Britain’s Royal Navy closely monitored two Russian warships and their support vessels that passed through the English Channel overnight Tuesday, claiming the development “routine” despite tension between London and Moscow over a nerve attack on a former Russian spy in the United Kingdom earlier this year.
In a statement Wednesday, the Royal Navy said one its destroyers, the HMS Diamond, had “shadowed” the Russian warships as they moved through the channel. It was the second time this summer that Moscow has sent ships through the passage and the third time since January.
“This is routine business for the Royal Navy,” Commander Ben Keith of the HMS Diamond said in the statement, which identified the Russian warships as the destroyer Severomorsk and cruiser Marshal Ustinov.
Russia’s official Tass news agency reported Tuesday that the two vessels would be heading through the English Channel on a long-distance voyage to the Atlantic, describing the Ustinov as “missile-carrying,” and the Severomorsk as a “large anti-submarine warfare ship.”
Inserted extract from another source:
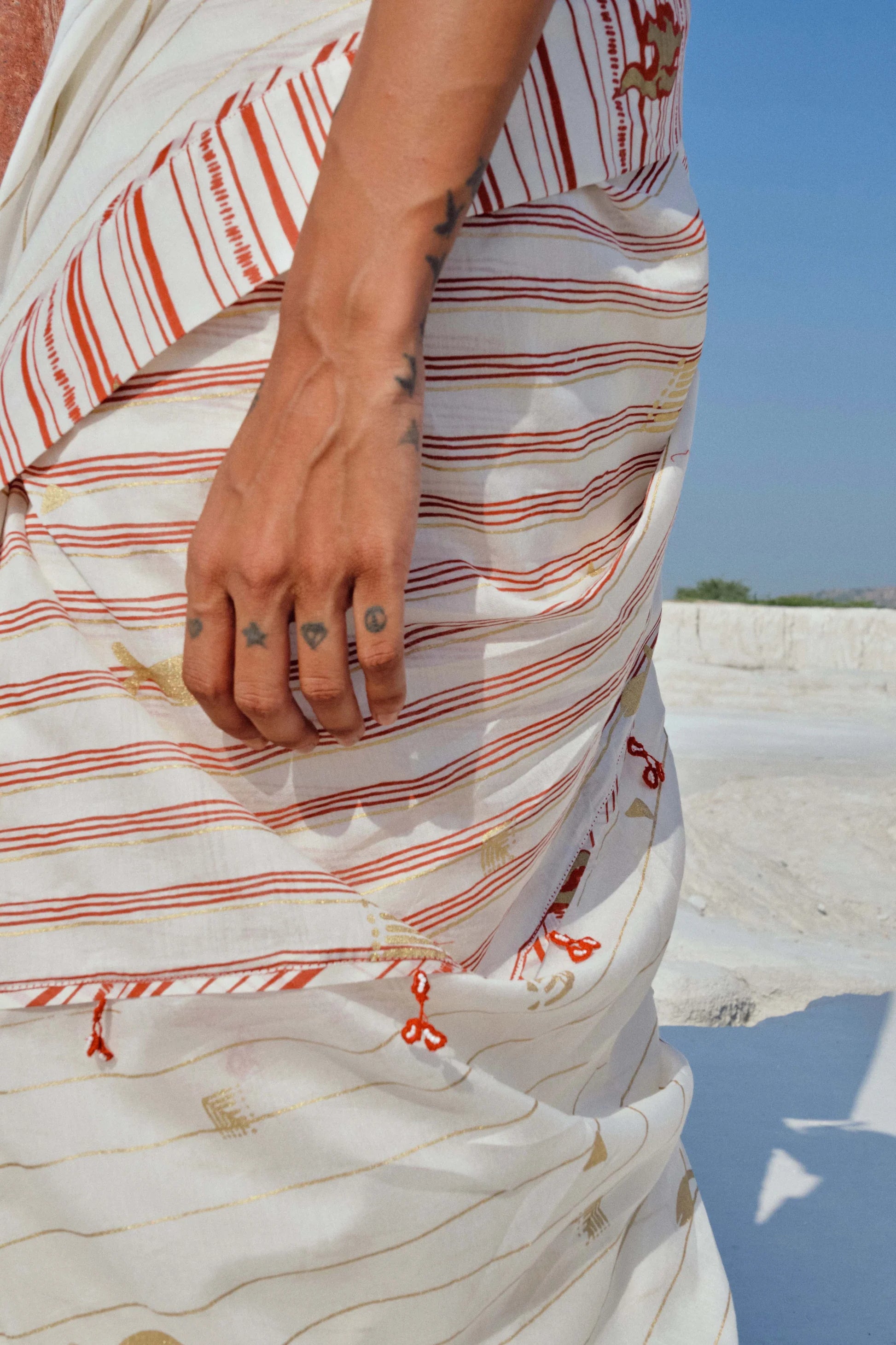 • Hand-embroidered and beaded tassels along the edge and throughout the saree

The vessels are en-route on a long-voyage mission to the Atlantic Ocean, where they will “hold training and drills to practice ship damage control, assistance to seafarers in distress and the provision of all types of protection and defense,” the agency reported.
The British Royal Navy downplayed the passage through the English Channel in contrast to some British news reports, which hyped the situation as a major provocation by Russian President Vladimir Putin.
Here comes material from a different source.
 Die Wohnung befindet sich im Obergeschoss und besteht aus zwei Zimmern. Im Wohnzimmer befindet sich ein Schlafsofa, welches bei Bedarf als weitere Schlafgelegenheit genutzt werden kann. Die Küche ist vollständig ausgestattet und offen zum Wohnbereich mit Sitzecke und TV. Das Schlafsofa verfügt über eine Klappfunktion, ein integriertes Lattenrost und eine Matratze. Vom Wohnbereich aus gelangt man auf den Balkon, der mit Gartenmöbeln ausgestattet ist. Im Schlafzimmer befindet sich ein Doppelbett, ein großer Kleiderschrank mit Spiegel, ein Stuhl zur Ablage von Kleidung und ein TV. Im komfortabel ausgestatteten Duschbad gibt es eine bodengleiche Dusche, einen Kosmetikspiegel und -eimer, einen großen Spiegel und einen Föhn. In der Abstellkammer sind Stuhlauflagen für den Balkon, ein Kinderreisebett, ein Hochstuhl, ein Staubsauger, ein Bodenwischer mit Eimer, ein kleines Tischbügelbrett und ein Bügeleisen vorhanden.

The Sun newspaper ran with the headline: “Sabre-rattling Vladimir Putin sends group of warships through the English Channel as Royal Navy scrambles to intercept.”
Tuesday’s development came roughly four months after relations between Moscow and London hit a low following the March nerve agent in the U.K. on former Russian spy Sergei Skripal.
Mr. Skripal is reported to have been a double agent who also worked with British intelligence. Authorities in the U.K. claim Russian agents carried out the attack on him. Moscow denies the accusation.